‘Yolanda’ survivors demand reparations from oil firms

FILE: The shoreline of Barangay Magallanes in Tacloban City is left in ruins Sunday after the storm surge last week brought by super typhoon Yolanda. The strongest typhoon to hit the country this year leveled villages as it crossed several provinces in the Visayas
FILE: The shoreline of Barangay Magallanes in Tacloban City is left in ruins Sunday after the storm surge last week brought by super typhoon Yolanda. The strongest typhoon to hit the country this year leveled villages as it crossed several provinces in the Visayas

TACLOBAN CITY — Ten years since "Yolanda" killed about 7,000 people, survivors of the super typhoon have put oil companies on their crosshairs for reparations.

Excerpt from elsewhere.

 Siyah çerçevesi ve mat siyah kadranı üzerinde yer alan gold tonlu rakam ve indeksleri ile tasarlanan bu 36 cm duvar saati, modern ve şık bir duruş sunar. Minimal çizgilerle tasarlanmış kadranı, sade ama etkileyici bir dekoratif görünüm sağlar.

Poet Mark Anthony Simbajon, a resident here, said top polluters that contribute the most to global warming, causing worldwide climate disasters, should be held accountable.

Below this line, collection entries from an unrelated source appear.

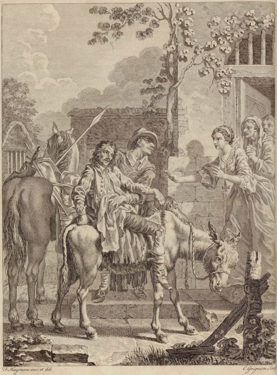 Don Quixote returns home from his first sally, on Pedro Alonso’s mule. Rocinante carries Don Quixote’s shield, lance, and armour. The housekeeper, the niece, and another character (either the priest or the barber) are pictured in the doorway, receiving the travellers. Signed by F. Hayman (illustrator) and C. Grignion I (engraver). Part 1, ch. 5.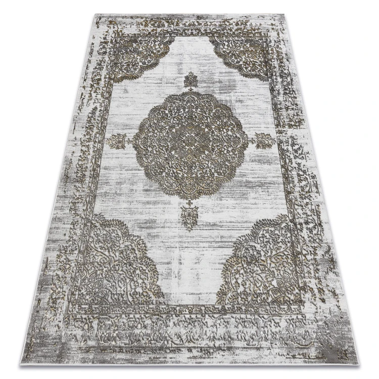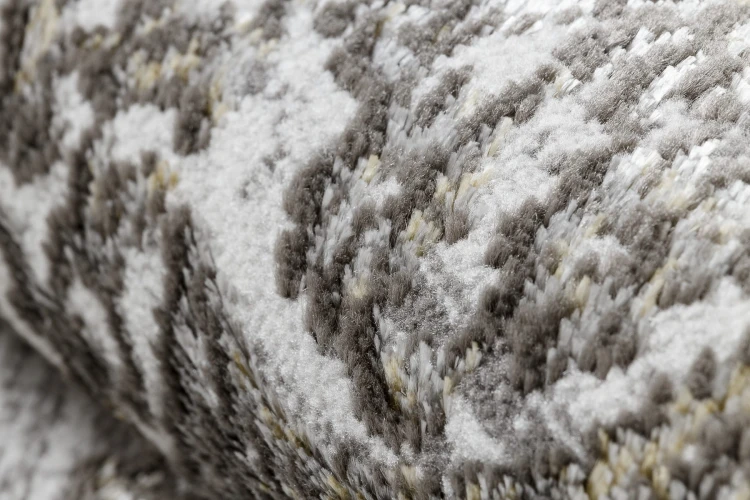 Szaro-złoty dywan z abstrakcyjnym wzorem, który doda wnętrzu elegancki charakter i ciepły blask.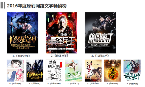 2016年也是原创文学在掌阅平台爆发的一年。诸如《修罗武神》、《最强兵王》等网络文学原创小说表现出极强的读者吸引力,聚集了百万粉丝热切关注。掌阅的第一届文学大赛更是推出了一批自出版的原创小说,如《鱼在水里唱着歌》、《风尘志》等。

Simbajon revealed he lost to "Yolanda" four relatives, five years' worth of poetry, and a collection of books in his home library.

"When I came home, all that was left was the wall of my apartment. Everything was gone," he said. Gone, too, he added, were the manuscripts of a book project that he was about to launch.

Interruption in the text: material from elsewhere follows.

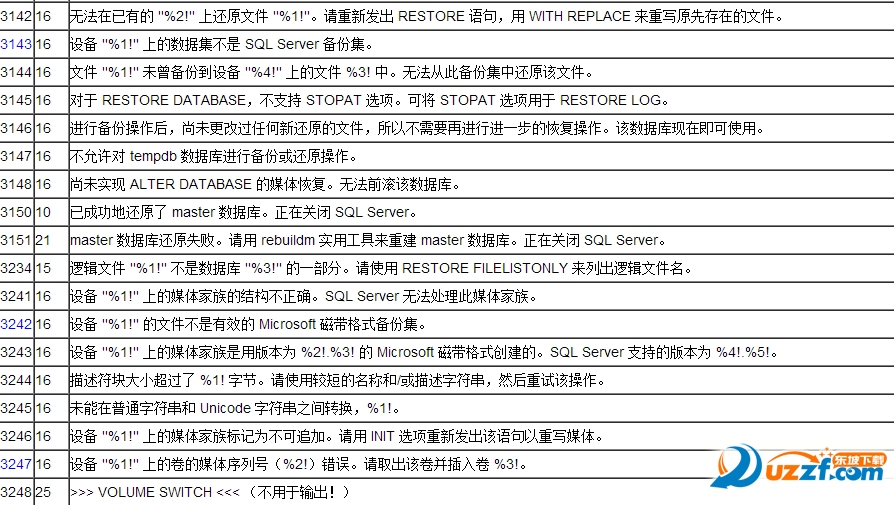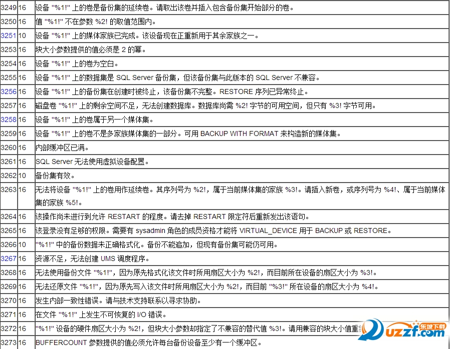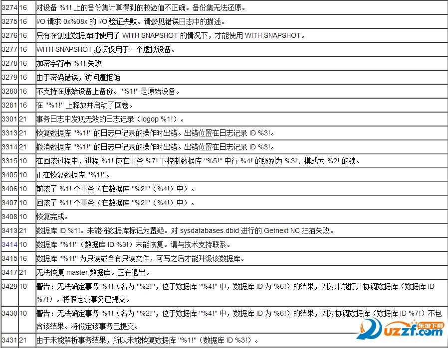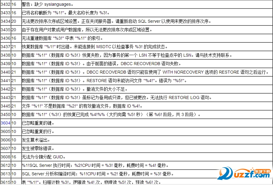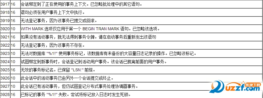 大家在使用SQL Server的过程中,都会碰到不少的问题,而那些问题都是以错误代码显示出来的。当你想要知道错误代码的意思话,来到东坡下载,就能够查看到最全的SQL SERVER错误代码!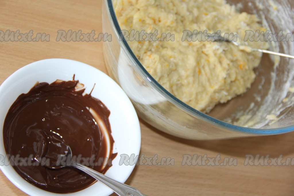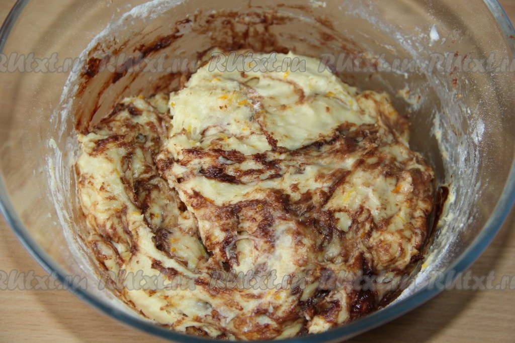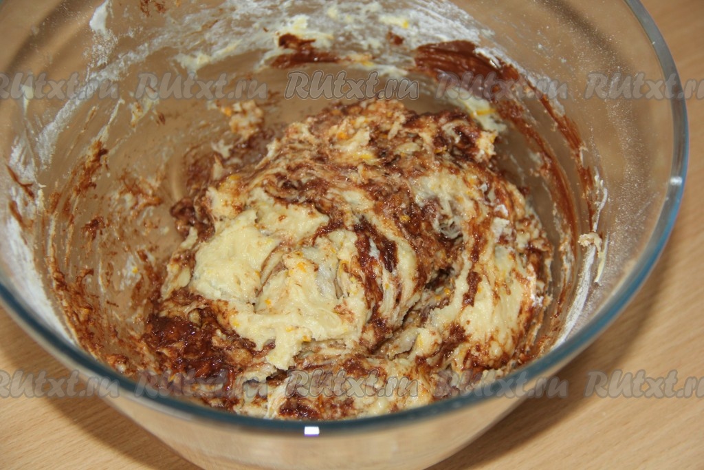 Аккуратно подмешивать шоколад в тесто с помощью ложки. Я просто протягивала шоколад в тесто, а не перемешивала. Тесто должно получиться мраморным, с шоколадными разводами (как на фото), оно не должно быть однородного цвета.

A week before "Yolanda" hit, Simbajon was doing missionary work in a Catholic church in Biliran province, organizing the youth to join his environmental advocacy.

"We didn't even receive an acknowledgment or an apology from these multinational (oil) companies that were the biggest contributors to global warming," he said.

Carbon majors

International environmentalist group Greenpeace, in a policy brief, said the biggest fossil fuel companies, also known as Carbon Majors, contributed 21.4 percent of the global greenhouse gas emissions despite their knowledge of their products' adverse impacts on the environment and climate system.

"Carbon majors, directly by themselves or indirectly through others, singly or through concerted actions, engaged in willful obfuscation of climate science, which has prejudiced the right of the public to make informed decisions about their products, concealing that their products posed significant harm to the environment and the climate system," Greenpeace said.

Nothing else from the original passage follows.